Plusieurs participants ont proposé des modifications réglementaires au système de délivrance des permis et ont mis l’accent sur la nécessité de remédier aux retards administratifs. Ils voudraient qu’on mette l’accent sur le développement des pêches et sur une plus grande souplesse de la réglementation, tant en ce qui concerne l’accès aux nouvelles espèces que l’ajustement des saisons de pêche. Les modifications devraient comprendre des mesures concrètes pour encourager des pêches multi-espèces et plus diversifiées, avec de petites quantités qui seraient prises en même temps pour une seule espèce. Plusieurs ont mentionné l’importance de la diversification du portefeuille et de la gestion des prises accessoires pour l’avenir. Ils indiquent qu’ils devraient être en mesure de conserver et d’évaluer les prises accessoires, comme c’est le cas dans certains autres pays.

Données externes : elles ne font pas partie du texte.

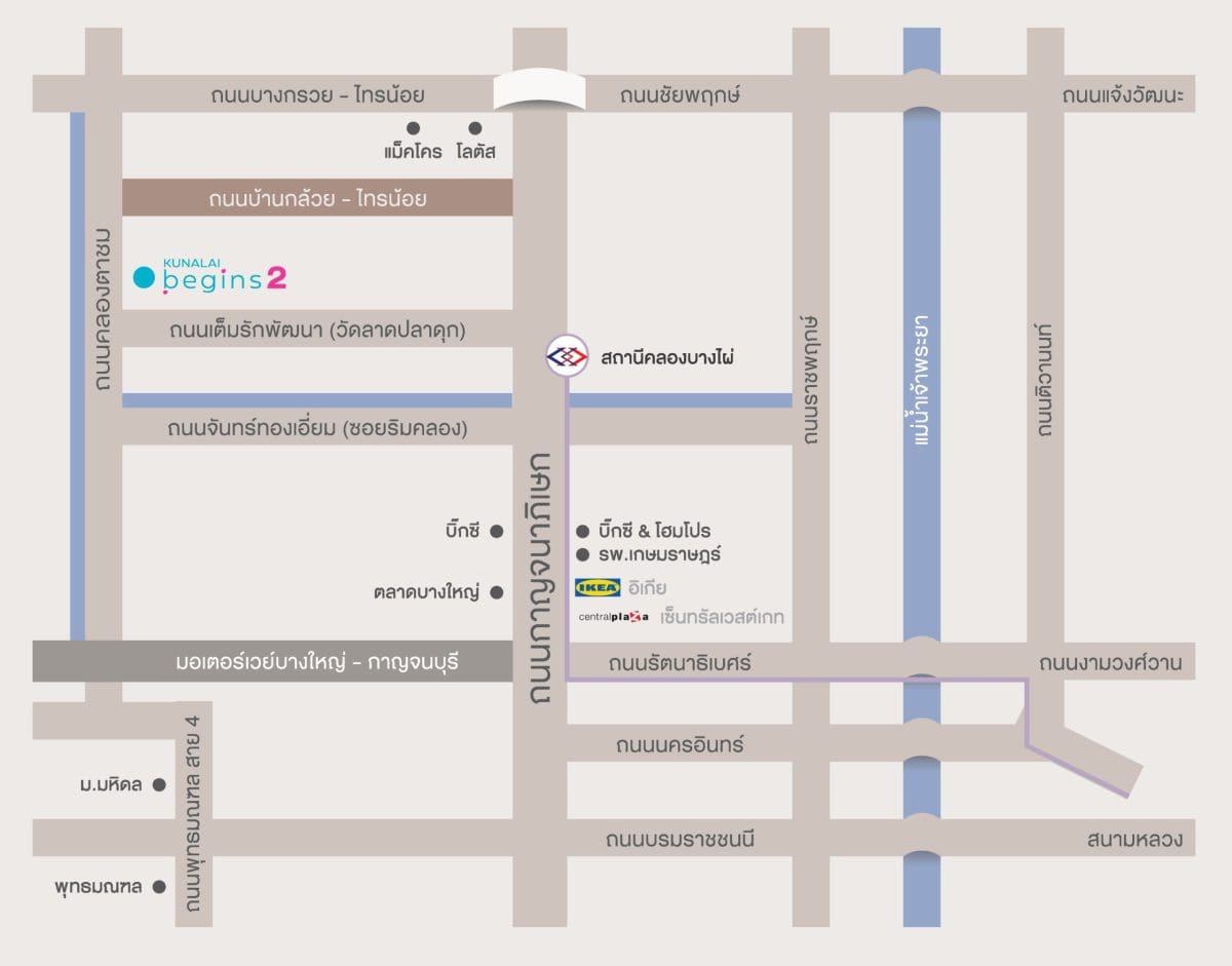 ทำเลที่ตั้ง : โครงการ Kunalai Begins 2 ตั้งอยู่บนถนนเลียบคลองตาชม เพียง 700 ม.* จากถนนบ้านกล้วย-ไทรน้อย ซึ่งเป็นทำเลโซนบางบัวทอง-นนทบุรี ที่มีความเป็นชุมชนสูง มีความคึกคัก และมีความอุดมสมบูรณ์โดยรอบ ถ้ามองภาพรวมของทำเล จะเกาะความอุดมสมบูรณ์ทางฝั่งตะวันตกของกรุงเทพฯ ที่มีสิ่งอำนวยความสะดวกรองรับอย่างครบครัน โดยเฉพาะตรงจุดตัดถนนกาญจนาภิเษกที่แยกบางใหญ่ เพราะมีการตัดผ่านของรถไฟฟ้าสายสีม่วง จึงเป็นทำเลที่มีการพัฒนาและมี Demand ของที่อยู่อาศัยอย่างต่อเนื่อง

Des changements seraient nécessaires pour au contenu des permis et d’adapter les permis (p. ex. permis qui sont délivrés par espèces), afin de permettre la pêche simultanée et concurrente de plusieurs espèces.
Les participants ont aussi suggéré que le MPO devrait considérer la possibilité de mettre en œuvre un modèle de pêche où toutes les prises doivent être conservées et déclarées. Ce modèle pourrait permettre la commercialisation et l’utilisation de sous-produits provenant d’une diversité d’espèces. Le souhait de mettre en place des quotas de pêche pour toutes les espèces débarquées a également été mentionné. Les participants ont noté que la biodiversité d’un écosystème est essentielle à la résilience des collectivités et que ces dernières doivent être considérées dans l’examen de ces approches. Il y a aussi un désir d’explorer des voies qui facilitent la diversification et réduisent les pêches industrielles et les pêcheries monospéficique.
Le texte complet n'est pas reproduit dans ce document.